Friday, March 26, 2010

Love sex aur dhokha darling!

Bada difficult kaam karte hain
Subah aur shaam karte hain
Love tumse hi hai darling par
Bas kehne se hum darte hain

Tum saamne jab bhi aate ho
Dil dhak dhak dhak dhak karta hai
Love tumse hi hai darling par
tumhe dekh dekh roz badta hai

Har chehre pe fisalta hai
dil humse nahi sambhalta hai
Love tumse hi hai darling par
Sex bhi to karna padta hai

Karna nahi chahte lekin
very sexy is your neighbour
Love tumse hi hai darling par
Ye Love shove is lot of labour

Ye doori sahi nahi jati
Ab tumse contract karna hai
Love sex aur dhokha darling
sab kuch tumse karna hai

Sunday, March 21, 2010

How much is too much?

There's only so much you can stretch a string before it breaks. After a point you have got to say enough is enough, or the string will break and the recoil will hurt you bad, real bad. But it's hard, isn't it, to know when.
I mean look at cricket, IPL was a good exciting thing when it started, but it got bigger than first cut calculations and suddenly someone thinks it is an infinite money-making machine. Ad plug-ins in between balls and in every sentence of the commentary, way too much noise and crackers, way too many matches coming up, too much blatant, vulgar money - IPL3 is already an overkill I've little interest left in, and it's bound to get worse. It feels like a bubble, much like sub-prime, waiting to burst, IMHO.

It's just greed, isn't it? This desire to milk a good thing for more and more until it dies in the hope of well..more. Blinding disillusioning greed.
Greed that makes corporate bosses push their people to work harder and longer in less and less time for less and less money, screwing their lives to increase their margins until it starts hitting the breaking point and the brave among the good people begin to leave their jobs. (Sounds familiar?)

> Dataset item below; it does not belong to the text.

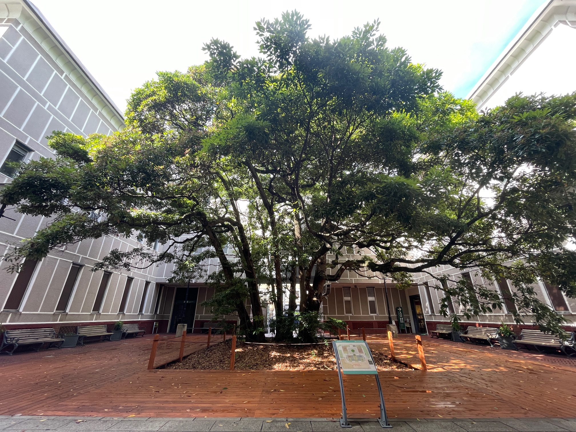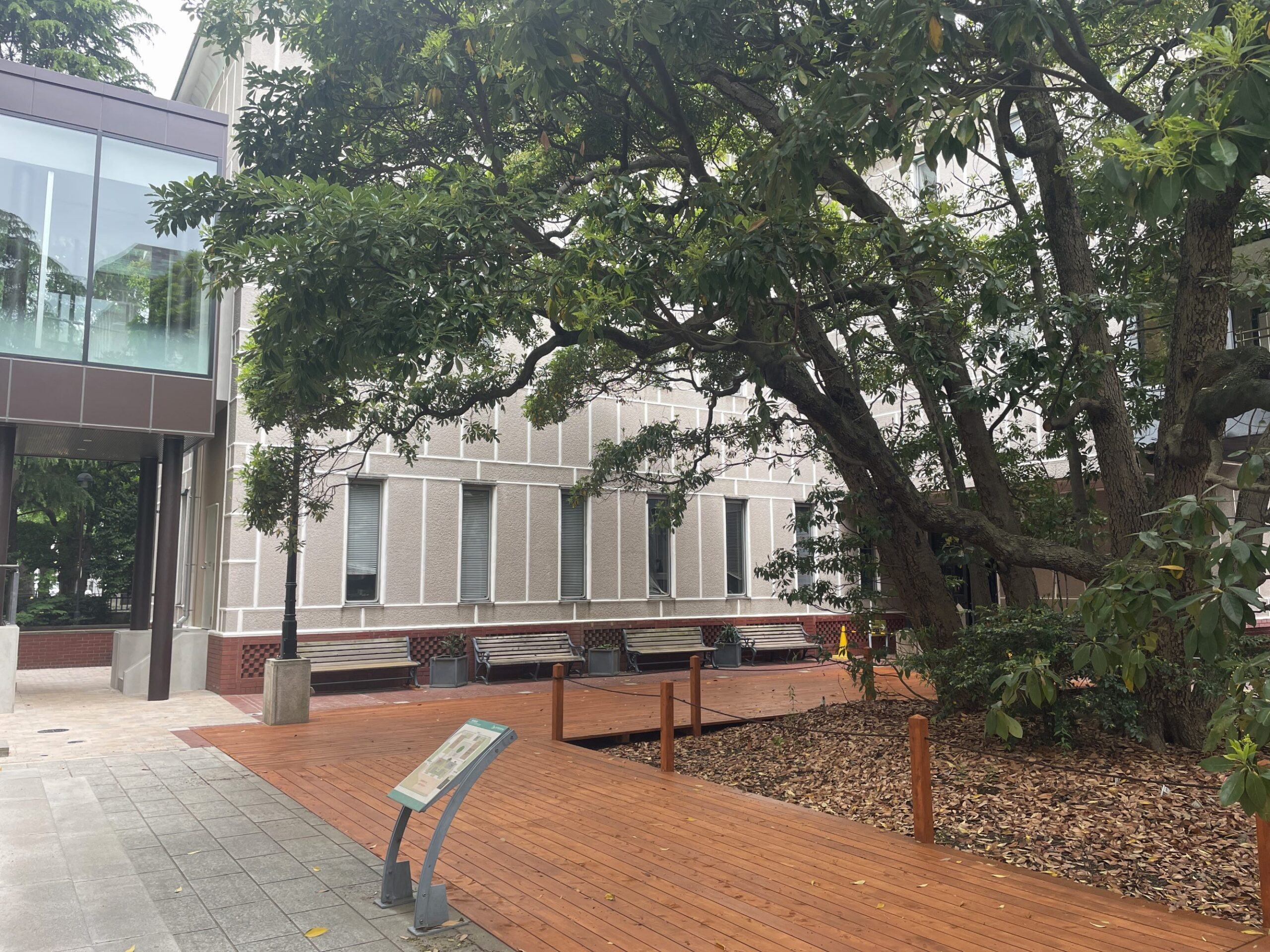 横浜開港資料館の中庭にあるタブノキは、通称「たまくす」と呼ばれています(1)。

It is also greed of some kind that makes us hang on to relationships that aren't working - eternal hope or just desire to get more. I don't know really. It does feel like greed if you don't do anything about a problem just because you know that the other person is somehow living with it, even if with enough difficulty. The string will snap at some point, won't it. Wouldn't/ shouldn't at some point, you hear - enough is enough.
What's the right thing to do - I'm confused (and incoherent, sorry!)

Saturday, March 13, 2010

Not so cheap thrills

This afternoon I was on a flight to Mumbai. Mid-air the aircraft started experiencing some air turbulence. As standard procedures, everyone was asked to return to their seats etc. and a lot of people started looking out of the window. The turbulence was both long and strong - a few people woke up, many spilt some coffee and everyone waited for the aircraft to pass.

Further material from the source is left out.